Empezó a balancearse. Hundió los pulgares en los tirantes que debía llevar bajo el guardapolvo. Recuperó la displicencia, el aire de superioridad, la astucia: todo lo que la entrada en escena del Coronel había, por un instante, disipado.
– Usted sabe muy bien lo que está en juego -dijo el Coronel y se levantó a su vez-. No es el cadáver de esa mujer sino el destino de la Argentina. O las dos cosas, que a tanta gente le parecen una. Vaya a saber cómo el cuerpo muerto e inútil de Eva Duarte se ha ido confundiendo con el país. No para las personas como usted o como yo. Para los miserables, para los ignorantes, para los que están fuera de la historia. Ellos se dejarían matar por el cadáver. Si se hubiera podrido, vaya y pase. Pero al embalsamarlo, usted movió la historia de lugar. Dejó a la historia dentro. Quien tenga a la mujer, tiene al país en un puño, ¿se da cuenta? El gobierno no puede permitir que un cuerpo así ande a la deriva. Dígame sus condiciones.
– Yo no soy quién para poner condiciones -contestó el médico. Mi única responsabilidad es dejar satisfechas a la madre y a las hermanas de Evita. -Leyó unos apuntes que tenía sobre el escritorio. -Quieren, me dicen, que se la entierre en un lugar piadoso y que la gente sepa dónde está, para que pueda visitarla.
– Por el lugar piadoso no se preocupe. Pero la otra cláusula es inaceptable. El presidente me ha exigido que todo se haga con el mayor secreto.
– La madre va a insistir.
– No sé qué decirle. Si alguien supiera dónde está el cuerpo, no habría fuerza humana capaz de protegerlo. Hay fanáticos buscándolo por todas partes. Lo robarían, doctor. Lo harían desaparecer en nuestras propias narices.
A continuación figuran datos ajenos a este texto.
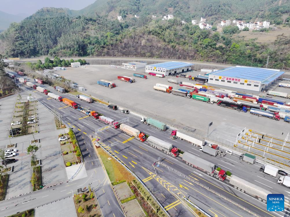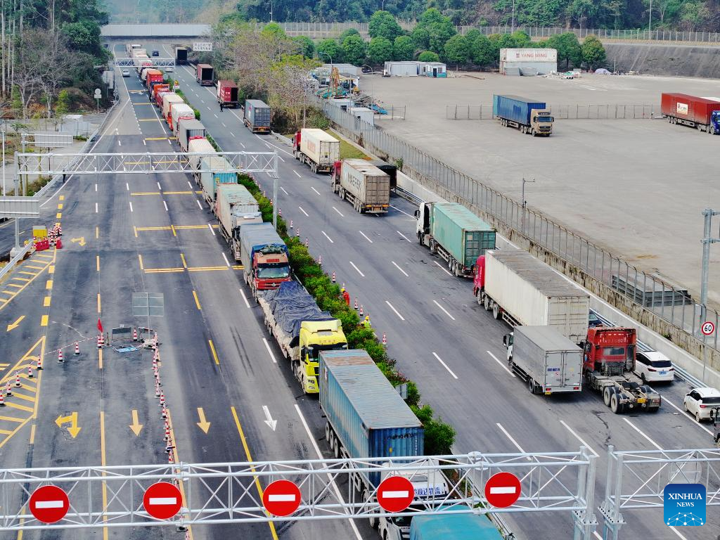 NANNING, 2 marzo, 2025 (Xinhua) -- Vista aérea tomada con un dron del 1 de marzo de 2025 de vehículos esperando a pasar a través del Puerto Youyiguan, o Paso de la Amistad, en la ciudad de Pingxiang, en la región autónoma zhuang de Guangxi, en el sur de China. Con el auge de la cooperación económica y comercial entre China y Vietnam, los principales puertos fronterizos son testigos de un aumento del tráfico fronterizo. (Xinhua/Zhou Hua)

– Entonces tenga cuidado -dijo el médico, con sorna-. Porque cuando yo la pierda de vista, nadie tendrá manera de saber si Ella es ella. ¿No me habló usted de una estatua de cera? Existe. Evita quería una tumba como la de Napoleón Bonaparte. Cuando se prepararon las maquetas, el escultor estuvo aquí, reproduciendo el cuerpo. Yo vi la copia que hizo. Era idéntica. ¿Sabe lo que pasó? Una noche regresó al taller y la copia ya no estaba. Se la quitaron. Él cree que fue el ejército. Pero no fue el ejército, ¿verdad?
– No -admitió el Coronel.
– Entonces, cuídese. Yo me lavo las manos.
– No se las lave tan rápido, doctor ¿Dónde está el cuerpo? Quiero ver por mí mismo si es esa maravilla de la que hablan sus apuntes. Déjeme ver qué dicen. -Sacó una tarjeta del bolsillo y leyó: -«Es un sol líquido». ¿No le parece una exageración? Imagínese, un sol líquido.